Me ha costado entender cómo puede suceder esto a personas que nunca han violado la ley, en un sistema que creía basado en el estado de derecho.

Hemos pasado por el infierno durante los últimos cuatro meses, y nuestra salud física y mental se ha deteriorado de formas que podrían ser irreversibles durante años. Solo se nos permite hablar con mi marido 10 minutos cada dos semanas, bajo supervisión. Mi hijo, que solo habla inglés y ha estado en el sistema escolar de California desde preescolar, lucha por entender por qué el único país que considera su hogar lo trata de esta manera.

Lo que nos ha sucedido fue diseñado específicamente para quebrar nuestro cuerpo y nuestro espíritu. Soy una madre, no una mártir, por lo que siempre elegiré la salud y el bienestar de mi hijo por encima de cualquier sueño o aspiración que tenga. Pero incluso cuando tomamos la difícil decisión de pedir que se nos permitiera abandonar voluntariamente los USA, el lugar que consideramos nuestro país y nuestro hogar, el gobierno no solo se opuso, sino que sugirió que apelaría cualquier decisión judicial que nos concediera la salida.

En otras palabras, quieren continuar con nuestra detención indefinida sin ningún final a la vista. ¿Pero con qué propósito?
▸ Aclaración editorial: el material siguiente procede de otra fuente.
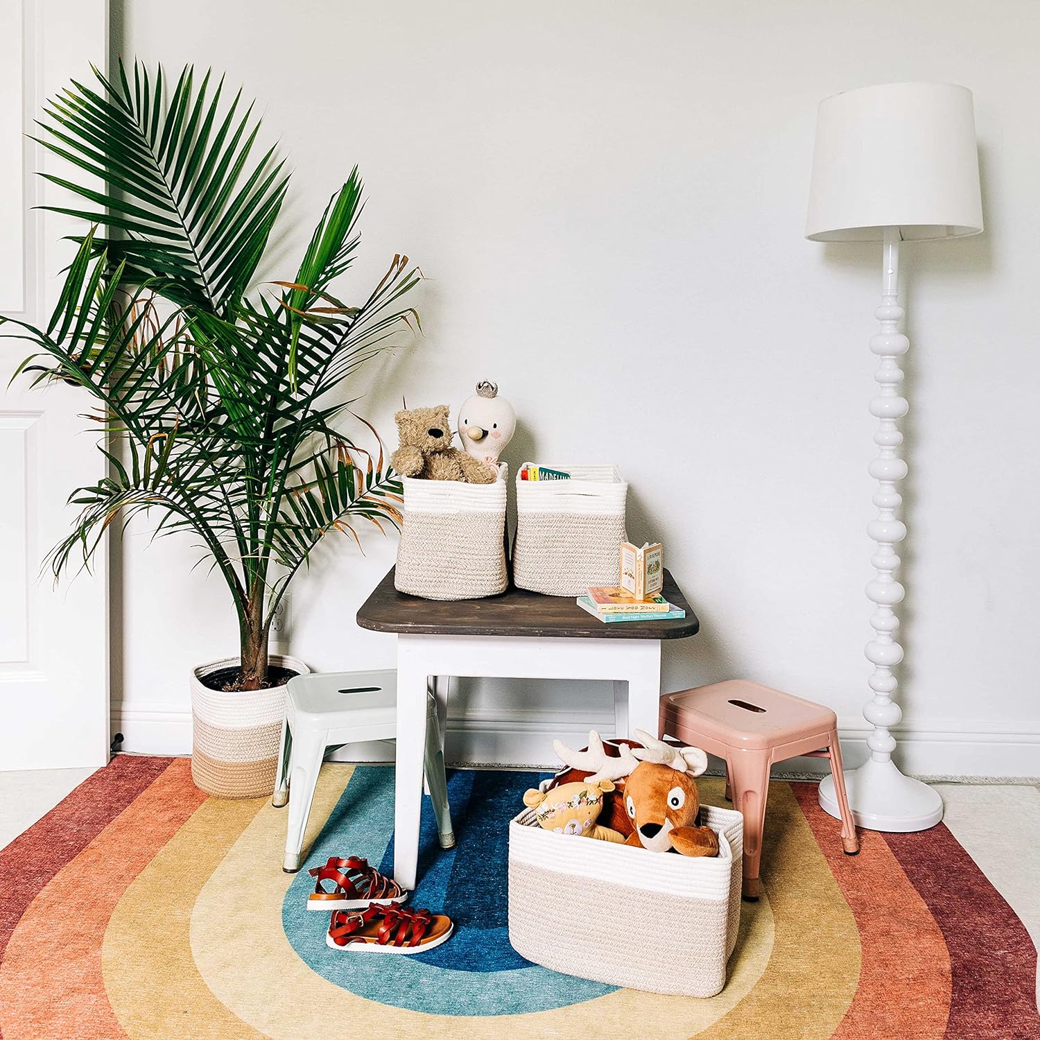 - Discrete, Built-In Carry Handles – These fabric rope baskets for storage also feature slim hand holds built right into the sides of each round basket for a seamless look that’s also functional. Perfect for picking up toys or carrying items around the house.
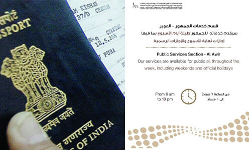 അല് അവീറിലുള്ള എമിഗ്രേഷന് കസ്റ്റമര് ഹാപ്പിനസ് സെന്റര് ആഴ്ചയില് എല്ലാ ദിവസവും പ്രവര്ത്തിക്കും
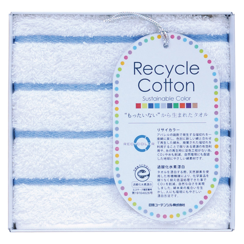 焼却処分されていたアパレルの裁断過程で出る端切れを再生した綿糸を使用した”もったいない”から生まれた地球に優しいタオルです。
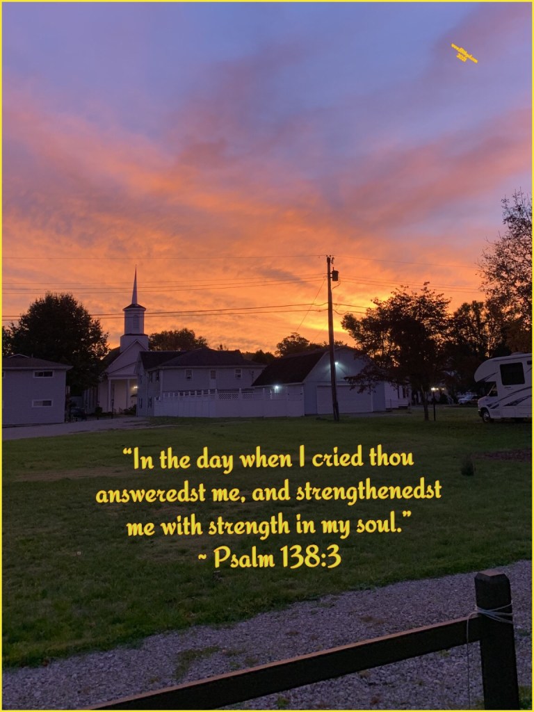 “In the day when I cried thou answeredst me, and strengthenedst me with strength in my soul.” ~ Psalm 138:3
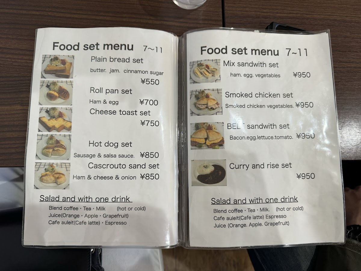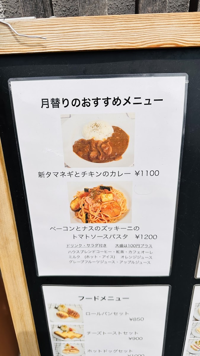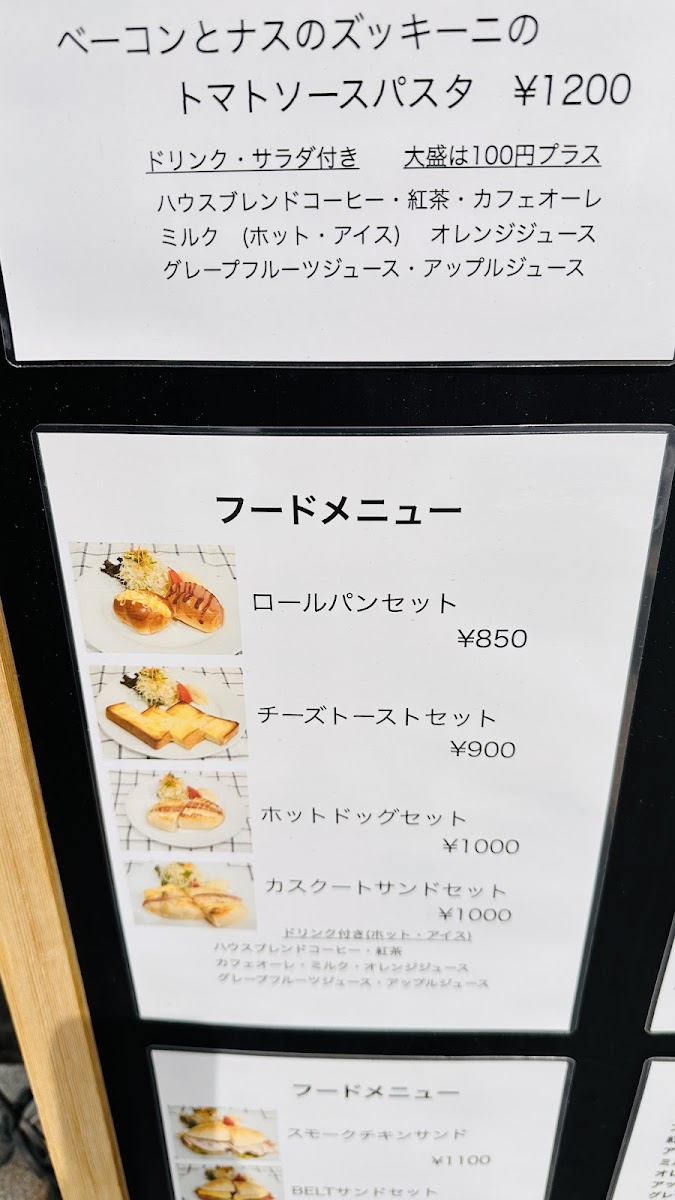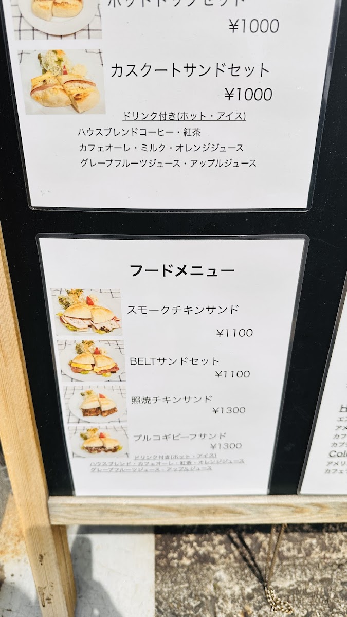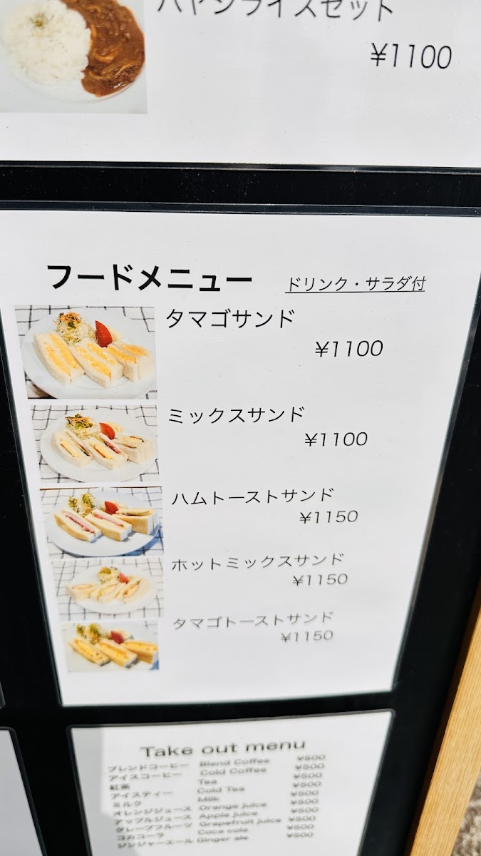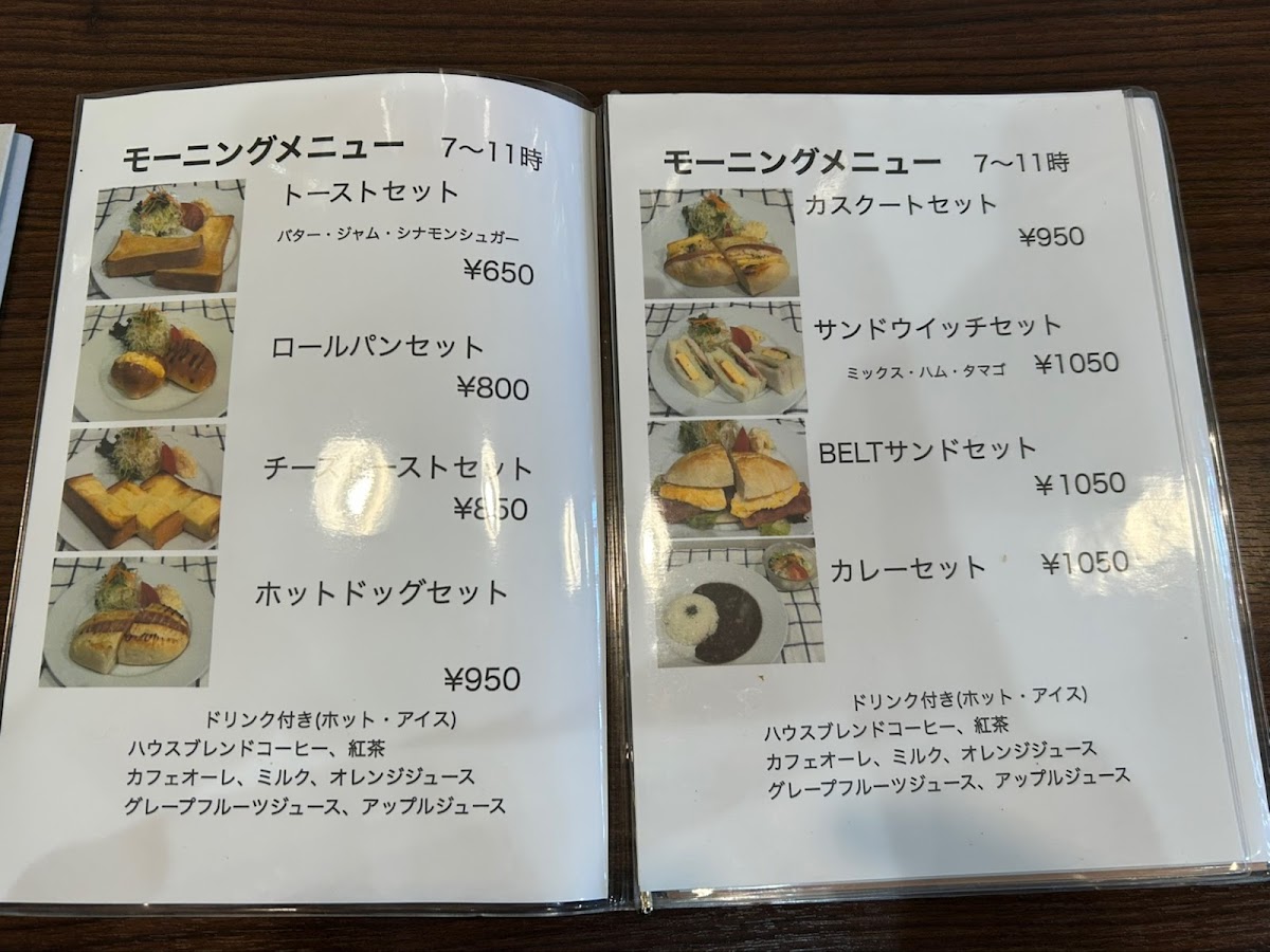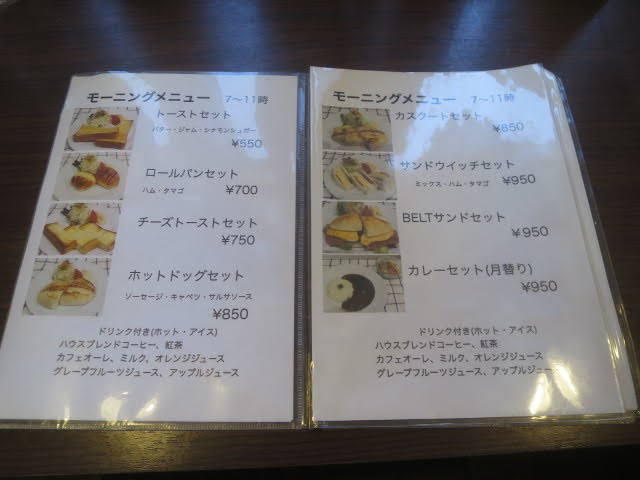 Food selections feature sandwiches such as カスクートサンドモーニング (casse-croute morning sandwich), belt sandwiches, BLTE, and light meal choices like curry rice and 豚肉とカボチャのカレー (pork and pumpkin curry). Toast options are also available, providing simple breakfast or snack items.
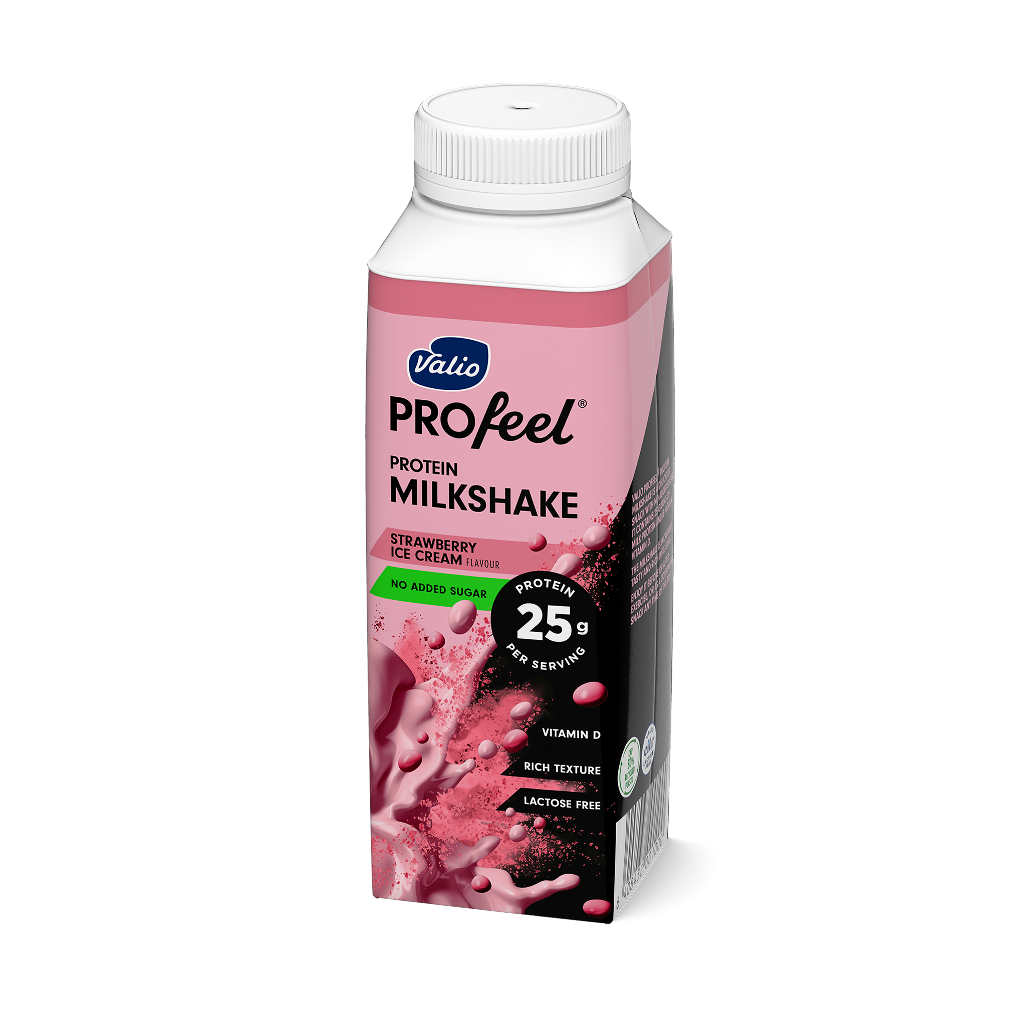 PROfeel braškių skonio baltyminis kokteilis – tai sodrios tekstūros, gaivaus braškių skonio užkandis be pridėtinio cukraus. Mėgaukis juo prieš treniruotę, po jos arba bet kada, kai norisi lengvesnio pasirinkimo. Vienoje pakuotėje yra 25 g aukštos kokybės pieno baltymų, kuriuose yra visos devynios organizmui būtinos aminorūgštys. Produktas yra be laktozės.
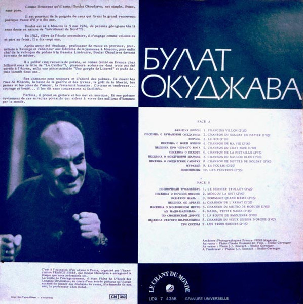 € 3.50 Media: Good (G)Hoes: Very Good Plus (VG+)Булат Окуджава – Le Soldat En Papier (LP)
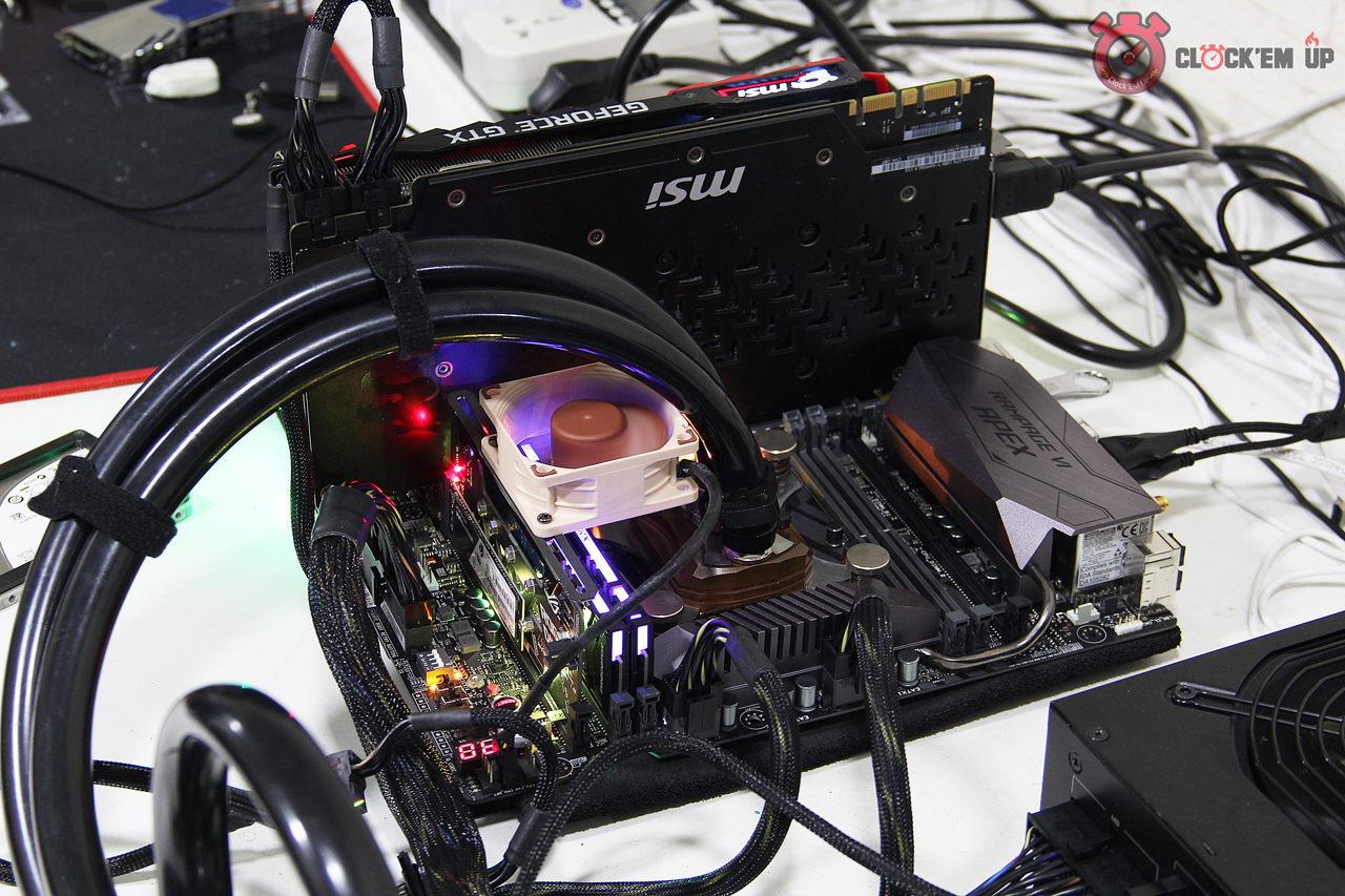 ภาพบรรยากาศในการทดสอบครั้งนี้ครับ โดยชุด System ที่เราใช้ในการทดสอบครั้งนี้ประกอบไปด้วย CPU Intel Core i5-7640X 4C/4T (Kabylake-X 14nm. LGA-2066) + ROG RAMPAGE VI APEX ( Intel X299) และแรม DDR4 จากค่าย HyperX DDR4-2933CL15 16GB (8GBx2)

Me he estado haciendo esa pregunta una y otra vez. No puedo pensar en ninguna razón por la que estemos siendo sometidos a esta prueba punitiva. No tenemos dinero ni poder que nos ayude, nos proteja o nos compre favores. Somos dos educadores de clase trabajadora que vivíamos una vida modesta en un apartamento alquilado y que nunca imaginamos que algo así nos pudiera pasar.

Por eso necesitamos su ayuda. Estamos sufriendo un tremendo dolor y estamos atrapados en una pesadilla insoportable e interminable. Quiero que mi hijo tenga una vida normal, que no pase sus días en este horrible centro de detención de Dilley. Ningún niño merece esto. Ningún ser humano merece esto. Pedimos a cualquier persona con conciencia que nos ayude a terminar con esta pesadilla. Hay más cosas que quiero decir, pero esta es la versión encadenada de lo que me siento segura de decir ahora mismo. Terminaré con esto: si esto pudo sucedernos a nosotros, una familia respetuosa de la ley, formada por dos profesores y un niño pequeño, puede sucederle a cualquiera.

Nota del traductor

* Eissa es hijo de Masoumeh Ebtekar, quien fue elegida portavoz por los estudiantes que tomaron como rehenes al personal de la embajada de USA en Teherán (1979-1981), debido a su buen conocimiento del inglés usamericano (había vivido con sus padres en Pensilvania). Los medios usamericanos la apodaron «Screaming Mary». Dirigió el Departamento de Medio Ambiente de Irán de 1997 a 2005 y nuevamente de 2013 a 2017, tras lo cual fue vicepresidenta de Asuntos de la Mujer y la Familia de 2017 a 2021. Actualmente es profesora titular en el Departamento de Inmunología de la Facultad de Ciencias Médicas de la Universidad Tarbiat Modares en Teherán.